Na coluna do mês passado escrevi sobre os valores, em sua imensa maioria absurdos, das entradas dos grandes festivias de música que se apresentam aqui no Brasil. Financiados por grandes empresas, sejam elas ou não do ramo do entretenimento, e muito visados por marcas em busca de ações de publicidade, esses festivais se tornaram datas a serem destacadas nos calendários das grandes cidades, movimentando o turismo e o público jovem interessado em música ou naquele lifestyle.


Por outro lado, as principais capitais (mas não só) do Brasil contam com cenas independentes de um estilo musical que é considerado específico de um nicho restrito de ouvintes e produtores. É a chamada, de forma quase sempre controversa, música experimental. Uma música para a qual é preciso estar disposto a uma audição atenta, aberta ao ruído, ao improviso, ao incômodo, ao que o músico apresenta visualmente, seja através do uso não convencional de seu instrumento, ou usando objetos não convencionalmente musicais, bem como expressões visuais ou corporais de/para sua linguagem sonora.
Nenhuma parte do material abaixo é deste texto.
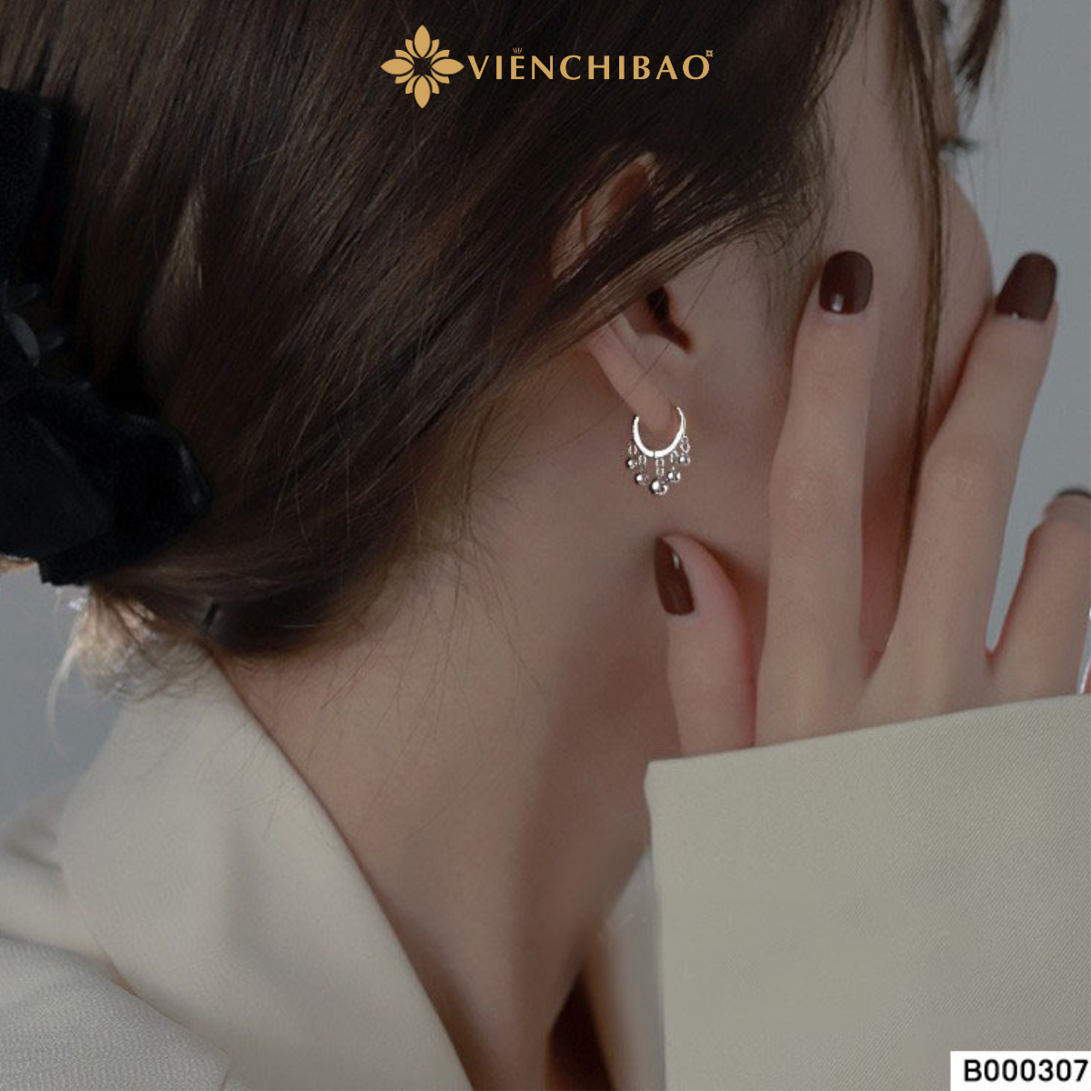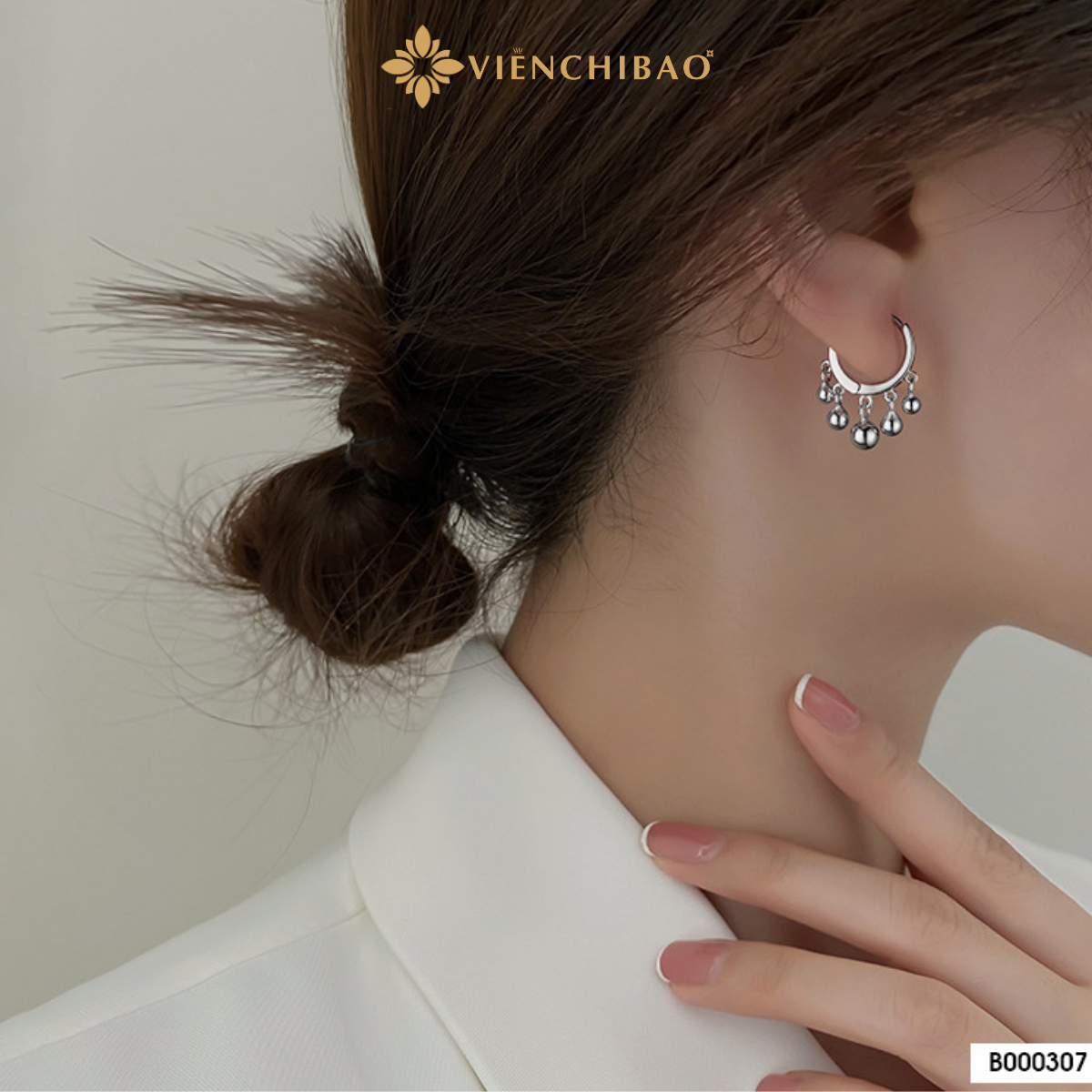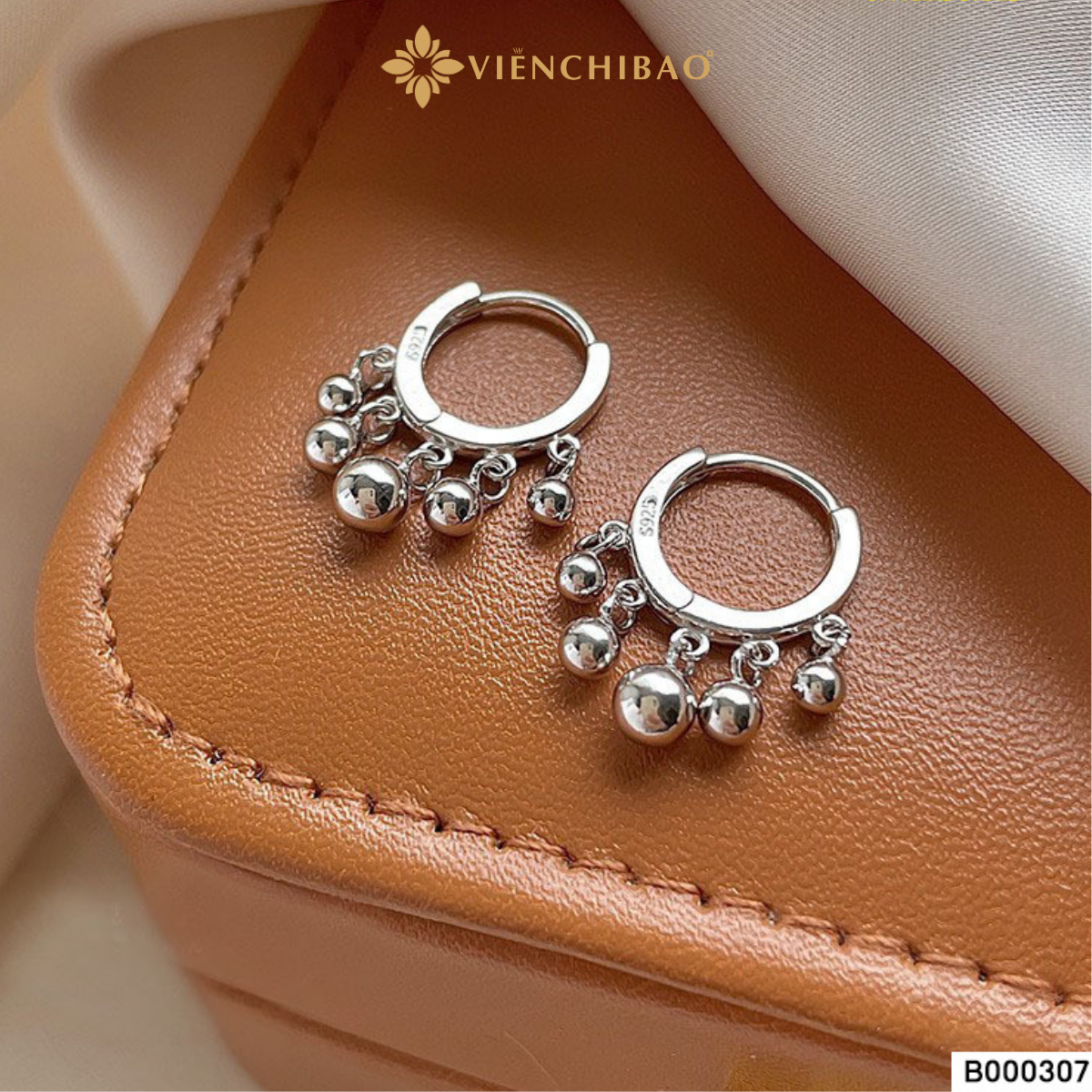 Bông tai dạng vòng tròn nhỏ, với hạt bi bạc được treo tua xuống tạo thành một thiết kế đẹp mắt và duyên dáng.

Há selos, produtoras, coletivos e festivais de música experimental expressivos em São Paulo e Rio Janeiro, mas também em Belo Horizonte, Salvador, Curitiba, Porto Alegre, Recife, dentre outras cidades (e trabalhos acadêmicos como os de Mario Del Nunzio, Tânia Neiva e Bethânia Brandão, por exemplo, que mapeiam essas “cenas” melhor do que eu poderia apontar aqui).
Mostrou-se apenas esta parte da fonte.